* [INFORMATION SUPPLIED]:
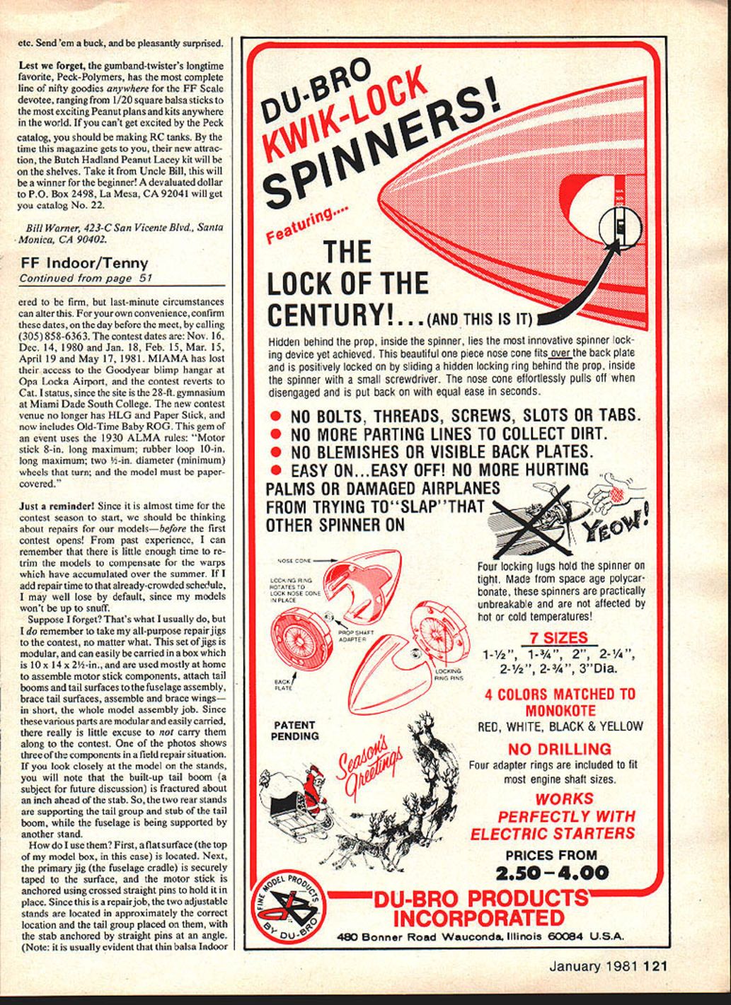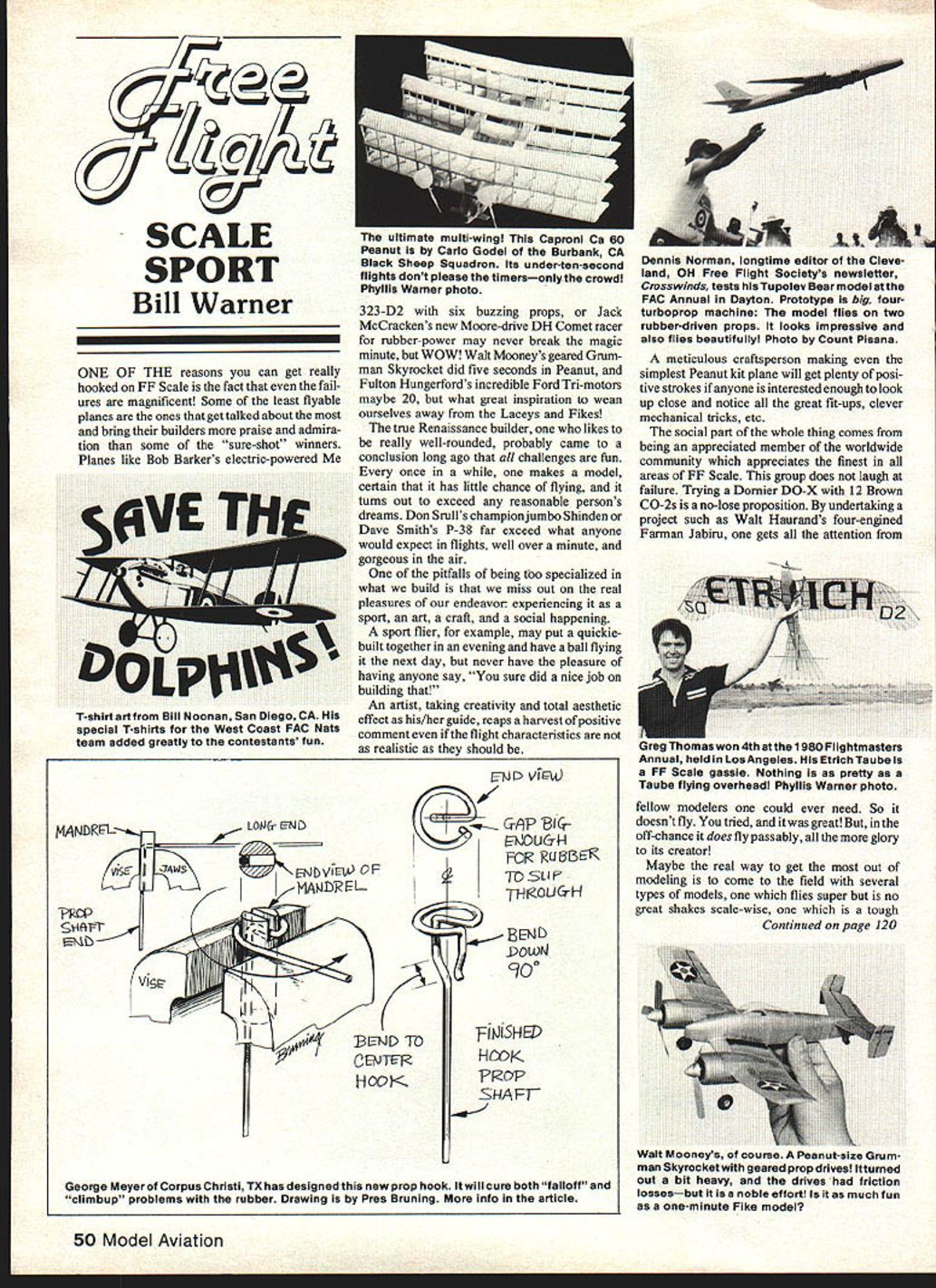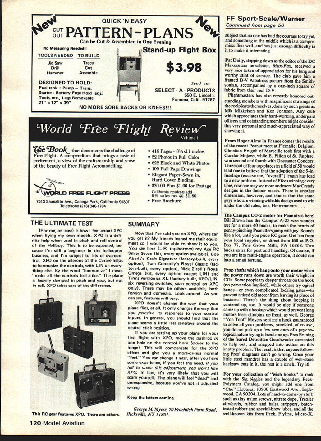 SCALE SPORT Bill Warner ONE OF THE reasons can get really hooked FF Scale fact fail ures magnificent Some least flyable planes ones get talked about bring builders praise admira tion some sure-shot winners Planes like Bob Barkers electric-powered 50VTH ill Dijp$ T-shirt art Bill Noonan San Diego CA special T-shirts West Coast FAC Nats team added greatly contestants fun MAtIDRLdJCrENf OF cP 323-D2 six buzzing props Jack McCrackens new Moore-drive DH Comet racer rubber-power may never break magic minute WOW Walt Mooneys geared Grum man Skyrocket did five seconds Peanut Fulton Hungerfords incredible Ford Tn-motors maybe 20 what great inspiration wean ourselves away Laceys Fikes true Renaissance builder likes really well-rounded probably came conclusion long ago challenges fun once makes model certain has little chance flying turns out exceed reasonable persons dreams Don Srulls champion jumbo Shinden Dave Smiths P-38 far exceed what anyone would expect flights well over minute gorgeous air pitfalls being too specialized what build miss out real pleasures endeavor experiencing sport art craft social happening sport flier example may put quickiebuilt together evening have ball flying next day never have pleasure having anyone say sure did nice job building An artist taking creativity total aesthetic effect his/her guide reaps harvest positive comment flight characteristics realistic should FN vf GAP tfl313ER TSLI ThROUGH EEJf pwtJ cIo yitJISNED RcP SHAFF EMD TD CENTER WOO hC George Meyer Corpus Christi TX has designed new prop hook will cure both failoff climbup problems rubber Drawing Pres Bruning info article Li Dennis Norman longtime editor Cleve land OH Free Flight Societys newsletter Cross winds tests hisTupolev Bear model atthe FAC Annual Dayton Prototype big fourturboprop machine model flies two rubber-driven props looks impressive also flies beautifully Photo Count Pisana meticulous craftsperson making simplest Peanut kit plane will get plenty posi tive strokes anyone interested enough look up close notice great fit-ups clever mechanical tricks etc social part whole thing comes being appreciated member worldwide community appreciates finest areas FF Scale group does laugh failure Trying Dornier DO-X 12 Brown CO-2s no-lose proposition undertaking project such Walt Haurands four-engined Farman Jabiru gets attention fellow modelers could ever need So doesnt fly tried great off-chance does fly passably glory its creator Maybe real way get out modeling come field several types models flies super no great shakes scale-wise tough Continued page 120 50 Model Aviation uiuimase multi-wing Caproni Ca 60 Peanut Carlo Godel Burbank CA Black Sheep Squadron Its under-ten-second flights dont please timersonly crowd Phyllis Wamer photo C omas won 4thatthel980 Flightmasters Annual held LosAngeles EtrichTaubeis FF Scale gassie Nothing pretty Taube flying overhead Phyllis Warner photo Wait Mooneys course R reanus-size Grum man Skyrocket geared prop drives Itturned out bit heavy drives friction lossesbut noble effort much fun one-minute Fike model QUICK N EASY PATTE RN-PLANS % Can Cut & Assembled Evening 11Stand-up Flight Box $398 Send SELECT- A- PRODUCTS 550 E Lincoln Pomona Calif 91767 TOOLS NEEDED TO BUILD Jig SawTrace DrillCut HammerAssemble DESIGNED TO HOLD Fuel tank s Starter Battery Fuse Hold adjJ Tools etc Legs Removable 21 x 12 x 39 NO MORE SORE BACKS OR KNEES! 416 Pages 8/sxll inches e 52 Photos Full Color 622 Black White Photos 109 Full Page Drawings Elegant Paper-Sewn Hard Cover Binding $3000 Plus $100 Postage California residents add 6% sales tax @ $180 Free Brochure SUMMARY Now Ive sold XPO can get friends loaned equip ment would able show see L-R top-bottom Ace RC Silver Seven kit option available Bob Aberles K raft Signature factory-built option Tom Connollys Royal Classic fac tory-built option Nick Zirolis Royal Omega kit option except LIN Tims Airtronics XL factory-built XPO/LIN six reversing switches span control XPQ may others available both foreign domestic Look around As can see features will vary XPO doesnt change way plane flies changes way perceive its responses control inputs general should find plane seems little less sensitive around neutral stick position setting up plane first flight XPO move pushrod hole control horn closer hinge will compensate XPO effect give more-or-less normal feel can change later after have some experience feel need fail make adjustment wont like XPO fact its very likely will scare yourself plane will feel dead unresponsive because youve got adjusted wrong Keep letters coming George M Myers 70 Froehljch Farm Road Hicksville NY 11801 Bookj documents challenge Free Flight compendium brings taste excitement view craftsmanship sense beauty Free Flight Aeromodelling D FREE FLF PRESS 7513 Sausalito Ave Canoga Park California 91307 Telephone 213 340-1704 THE ULTIMATE TEST least feel about XPO flying own models XPO defi nite help used pitch roll control Heliboy expected cause Im still beginner helicopter business Im subject fits overcon trol XPO ailerons Curare helps harmonize controls LIN thing else word harmonize mean make controls feel alike plane heavily damped pitch yaw roll XPO takes care difference U FF Sport-Scale/Warner Continued page 50 subject no has courage try yet something middle compro mise flies well has just enough difficulty make interesting Pat Daily stepping down editor DC Maxecuters newsletter Max-Fax received very nice token appreciation long worthy stint service club gave him framed D-V Albatross picture Smith sonian accompanied one-inch square fabric real D-V Flightmasters has also recently honored out standing members magnificent drawings recipients themselves done such greats Mik Mikkelson Ken Johnson Any club appreciates hard-working underpaid officers outstanding members might consider very personal much-appreciated way showing Roger Aime France comes results recent Peanut meet Flemalle Belgium Christian Frugoli Marseille took first
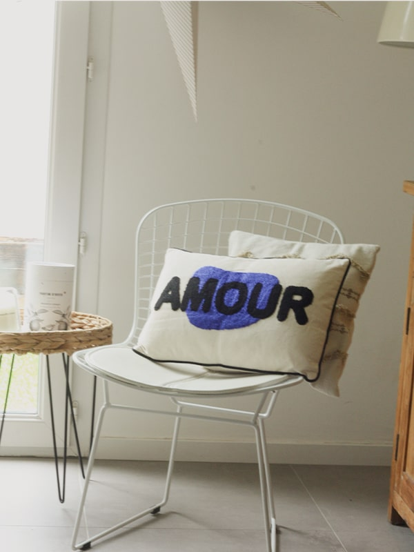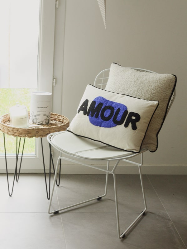 Coussin Amour, 100% coton, empiรจcement bouclette bleu Majorelle et noir
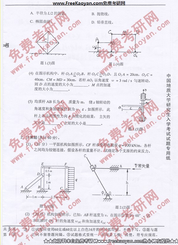 专业课考研经验 本站小编 FreeKaoyan 2018-01-23中国地质大学(武汉)2005年考研真题-动画创作(徒手)

* [ABOUT THIS EXERCISE]:
Would you return the material exactly, images excluded?

* [OUTPUT FOR THIS TASK]:
 SCALE SPORT Bill Warner ONE OF THE reasons can get really hooked FF Scale fact fail ures magnificent Some least flyable planes ones get talked about bring builders praise admira tion some sure-shot winners Planes like Bob Barkers electric-powered 50VTH ill Dijp$ T-shirt art Bill Noonan San Diego CA special T-shirts West Coast FAC Nats team added greatly contestants fun MAtIDRLdJCrENf OF cP 323-D2 six buzzing props Jack McCrackens new Moore-drive DH Comet racer rubber-power may never break magic minute WOW Walt Mooneys geared Grum man Skyrocket did five seconds Peanut Fulton Hungerfords incredible Ford Tn-motors maybe 20 what great inspiration wean ourselves away Laceys Fikes true Renaissance builder likes really well-rounded probably came conclusion long ago challenges fun once makes model certain has little chance flying turns out exceed reasonable persons dreams Don Srulls champion jumbo Shinden Dave Smiths P-38 far exceed what anyone would expect flights well over minute gorgeous air pitfalls being too specialized what build miss out real pleasures endeavor experiencing sport art craft social happening sport flier example may put quickiebuilt together evening have ball flying next day never have pleasure having anyone say sure did nice job building An artist taking creativity total aesthetic effect his/her guide reaps harvest positive comment flight characteristics realistic should FN vf GAP tfl313ER TSLI ThROUGH EEJf pwtJ cIo yitJISNED RcP SHAFF EMD TD CENTER WOO hC George Meyer Corpus Christi TX has designed new prop hook will cure both failoff climbup problems rubber Drawing Pres Bruning info article Li Dennis Norman longtime editor Cleve land OH Free Flight Societys newsletter Cross winds tests hisTupolev Bear model atthe FAC Annual Dayton Prototype big fourturboprop machine model flies two rubber-driven props looks impressive also flies beautifully Photo Count Pisana meticulous craftsperson making simplest Peanut kit plane will get plenty posi tive strokes anyone interested enough look up close notice great fit-ups clever mechanical tricks etc social part whole thing comes being appreciated member worldwide community appreciates finest areas FF Scale group does laugh failure Trying Dornier DO-X 12 Brown CO-2s no-lose proposition undertaking project such Walt Haurands four-engined Farman Jabiru gets attention fellow modelers could ever need So doesnt fly tried great off-chance does fly passably glory its creator Maybe real way get out modeling come field several types models flies super no great shakes scale-wise tough Continued page 120 50 Model Aviation uiuimase multi-wing Caproni Ca 60 Peanut Carlo Godel Burbank CA Black Sheep Squadron Its under-ten-second flights dont please timersonly crowd Phyllis Wamer photo C omas won 4thatthel980 Flightmasters Annual held LosAngeles EtrichTaubeis FF Scale gassie Nothing pretty Taube flying overhead Phyllis Warner photo Wait Mooneys course R reanus-size Grum man Skyrocket geared prop drives Itturned out bit heavy drives friction lossesbut noble effort much fun one-minute Fike model QUICK N EASY PATTE RN-PLANS % Can Cut & Assembled Evening 11Stand-up Flight Box $398 Send SELECT- A- PRODUCTS 550 E Lincoln Pomona Calif 91767 TOOLS NEEDED TO BUILD Jig SawTrace DrillCut HammerAssemble DESIGNED TO HOLD Fuel tank s Starter Battery Fuse Hold adjJ Tools etc Legs Removable 21 x 12 x 39 NO MORE SORE BACKS OR KNEES! 416 Pages 8/sxll inches e 52 Photos Full Color 622 Black White Photos 109 Full Page Drawings Elegant Paper-Sewn Hard Cover Binding $3000 Plus $100 Postage California residents add 6% sales tax @ $180 Free Brochure SUMMARY Now Ive sold XPO can get friends loaned equip ment would able show see L-R top-bottom Ace RC Silver Seven kit option available Bob Aberles K raft Signature factory-built option Tom Connollys Royal Classic fac tory-built option Nick Zirolis Royal Omega kit option except LIN Tims Airtronics XL factory-built XPO/LIN six reversing switches span control XPQ may others available both foreign domestic Look around As can see features will vary XPO doesnt change way plane flies changes way perceive its responses control inputs general should find plane seems little less sensitive around neutral stick position setting up plane first flight XPO move pushrod hole control horn closer hinge will compensate XPO effect give more-or-less normal feel can change later after have some experience feel need fail make adjustment wont like XPO fact its very likely will scare yourself plane will feel dead unresponsive because youve got adjusted wrong Keep letters coming George M Myers 70 Froehljch Farm Road Hicksville NY 11801 Bookj documents challenge Free Flight compendium brings taste excitement view craftsmanship sense beauty Free Flight Aeromodelling D FREE FLF PRESS 7513 Sausalito Ave Canoga Park California 91307 Telephone 213 340-1704 THE ULTIMATE TEST least feel about XPO flying own models XPO defi nite help used pitch roll control Heliboy expected cause Im still beginner helicopter business Im subject fits overcon trol XPO ailerons Curare helps harmonize controls LIN thing else word harmonize mean make controls feel alike plane heavily damped pitch yaw roll XPO takes care difference U FF Sport-Scale/Warner Continued page 50 subject no has courage try yet something middle compro mise flies well has just enough difficulty make interesting Pat Daily stepping down editor DC Maxecuters newsletter Max-Fax received very nice token appreciation long worthy stint service club gave him framed D-V Albatross picture Smith sonian accompanied one-inch square fabric real D-V Flightmasters has also recently honored out standing members magnificent drawings recipients themselves done such greats Mik Mikkelson Ken Johnson Any club appreciates hard-working underpaid officers outstanding members might consider very personal much-appreciated way showing Roger Aime France comes results recent Peanut meet Flemalle Belgium Christian Frugoli Marseille took first
 Coussin Amour, 100% coton, empiรจcement bouclette bleu Majorelle et noir
 专业课考研经验 本站小编 FreeKaoyan 2018-01-23中国地质大学(武汉)2005年考研真题-动画创作(徒手)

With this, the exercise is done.